In both Russian and Western defense exercises, it is common practice to invent “enemy” regions to avoid offending existing states by naming them directly. But three things make the Zapad 2017 case more serious in this regard than is normally true. First, by playing up ethnic and religious factors relative to political ones, this wargame plan appears to underscore Vladimir Putin’s oft-expressed view that many of the post-Soviet states are not real (i.e., their borders were “artificially” set) and therefore not deserving of the respect that countries normally accord to one another. That attitude lies behind what he has done in Georgia, Ukraine, Moldova and now, quite remarkably, in Belarus—which is supposed to be his closest ally as part of the Russian-Belarusian Union State.
Second, by combining land from various countries—in this case, Poland, Lithuania and Latvia—into one “enemy” state, the Russian and Belarusian defense planners have implicitly suggested that Moscow would be prepared to carve up these states at some future point if it reintegrates them under central Russian control.
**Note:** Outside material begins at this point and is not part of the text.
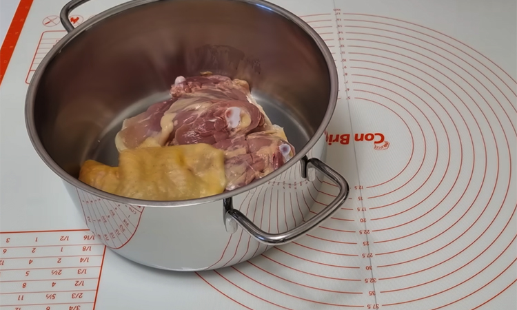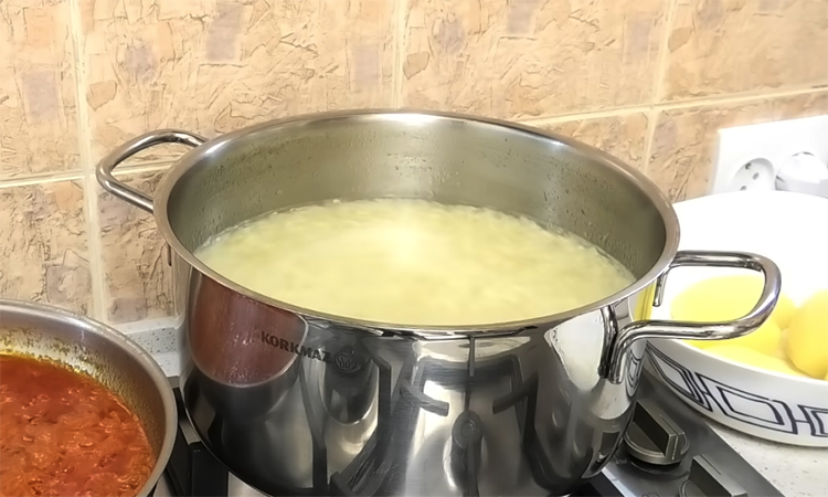 Положите мясо в кастрюлю, залейте холодной водой и поставьте на огонь, тщательно снимая пену после закипания. Варите наваристый бульон на минимальном огне около сорока минут, добавив соль. Промойте пшено несколько раз и залейте его кипятком на время, чтобы ушла горечь, затем слейте воду и отправьте крупу в бульон к мясу. Следом в кастрюлю положите целые очищенные картофелины и варите их до полной мягкости.

These western neighbors of Russia have to take that sort of threat seriously; but doing so could lead them to make statements or even take actions that might put them at odds with their Western allies, thus isolating them from the North Atlantic Treaty Organization (NATO), the European Union and the United States. Indeed, this is a goal Moscow has long sought.
And third, the Zapad 2017 plan divides Belarus not just territorially but in religious terms, treating the Roman Catholic western portions of the country as distinct from the rest, which is largely Russian Orthodox. At the cost of angering many in Minsk, Moscow has repeatedly sought to play up this division in the past, installing an openly imperialist Moscow Patriarchate churchman as head of the Belarusian segment of the church and pushing an anti-Catholic (and not unimportantly anti-Polish) line in its propaganda. The Zapad exercise map, therefore, could further intensify concerns about Moscow’s intentions with regard to Belarus, a country that in recent years has tried to pursue a more balanced foreign policy between East and West (see EDM, May 15).
For many Belarusians, the most ominous aspect of all this may be seeing a map of their country, presented by officers of their own General Staff, that is carved up into several portions. Such an image takes on even greater negative resonance against the background of recent Russian suggestions about how Moscow would like to carve up and reduce Ukraine to a small landlocked state centered on what is now the western portion of the Republic of Ukraine (Ruskline.ru, July 24; Ekho Moskvy, August 8; Dialog.ua, August 16). Belarusians are certain to reflect upon the possibility—or even likelihood—that some in Moscow now have similar thoughts about their country.
And because that is the case, the above-mentioned ethnic and religious factors are certain to rise to the level of geopolitical ones or even exceed them as Zapad 2017 draws nearer—whether Moscow uses this exercise as the occasion to act on them or not.